Umlauts are encoded in the xml file

congressus / sepa-direct-debit

Create Direct Debit SEPA XML files

66 stars 35 forks source link

Umlauts are encoded in the xml file #14

Open binarious opened 10 years ago

binarious commented 10 years ago

I'm having a problem with the commits https://github.com/congressus/sepa-direct-debit/commit/54d0c427147c33d168c611204d2ed992df5af1e4 and https://github.com/congressus/sepa-direct-debit/commit/9ceabbf1100afd0da3e2a82c49ea49d609c7b114. They encode umlauts to html representations. Why is this function used? I assume to prevent XML injection, but that's covered by DOMDocument (or to be more accurate by libxml's xmlOutputBufferWriteEscape function which is used by libxml's xmlNodeDump which is used by DOMDocument's saveXML.) The htmlentities usages should be removed. I tested that against PHP 5.3 and 5.4 resulting in correctly written umlauts and escaped html/xml tags.

JelleM-Congressus commented 10 years ago

Had to dig into this a bit (we have just released our python version today, so we were kind of busy), but yes, I think removing this is a good idea. Also umlauts likely won't work, most (all?) banks restrict the character set to Latin-1 (even though the document is UTF-8):

a b c d e f g h i j k l m n op q r s t u v w x y z A B C D E F G H I J K L M N O P Q R S T U V W X Y Z 0 1 2 3 4 5 6 7 8 9 ! # $ % * ~ / -? : ; = @ [ \ ] ^ _ { | } ( ) . , ‘ + Space

binarious commented 10 years ago

I think so, too. Do you have any reference for the character set restriction on the name values? I read that just the identifying elements (MessageId, PaymentInformationId, InstructionId and EndToEndId) need to be without special characters.

JelleM-Congressus commented 10 years ago

Well, there is a lot of documentation on SEPA (all banks have their own manual). Some saying ALL text should be Latin-1 some saying only the identifying elements. I DO know from experience that special characters are not allowed (even if they are htmlencoded) bij most banks and strongly urge you NOT to use them. Also read something about a german SUPA which does allow it but not quite sure on that one.
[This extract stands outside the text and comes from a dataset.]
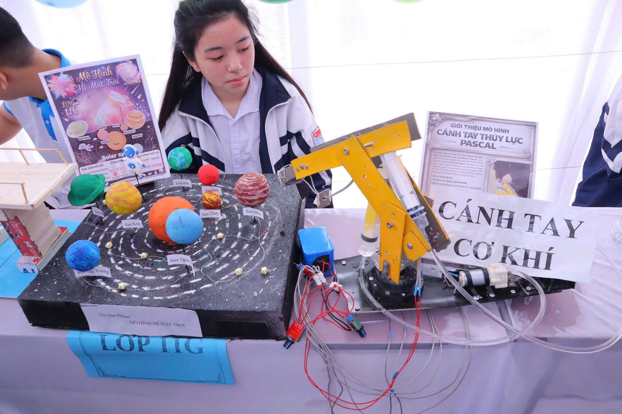 Đặc biệt, khu vực trải nghiệm STEM đã thu hút sự quan tâm lớn với nhiều sản phẩm khoa học do học sinh tự nghiên cứu và chế tạo. Việc trực tiếp thuyết minh, trình bày ý tưởng và ứng dụng của sản phẩm giúp các em rèn luyện tư duy logic, kỹ năng giao tiếp và khả năng thích ứng với yêu cầu của thời đại số.
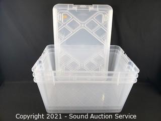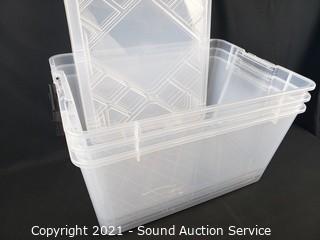 Lot #0037: 3 Clear Plastic Totes w/Lids

si4dev commented 8 years ago

This issue might be solves with the use of createTextNode() instead of htmlentities(). As currently with htmlentities it will encode all html advanced characters like umlauts. And with createTextNode it will only catch the XML exceptions and keep the document XML well formed. So it will result in less changes in the string and keep more of it's original.

I also understand the reaction that probably umlauts are not allowed or at least not for all banks. But it seems that for the issue owner binarious it worked without the htmlentities() conversion.

In another project I experienced myself that I couldn't add a string to the dom without replacing the XML reserved characters. Even with the second parameter on createElement(name, value) it will NOT do the XML escaping. It needs a second text node creation with createTextNode() to create a text node with escaping support.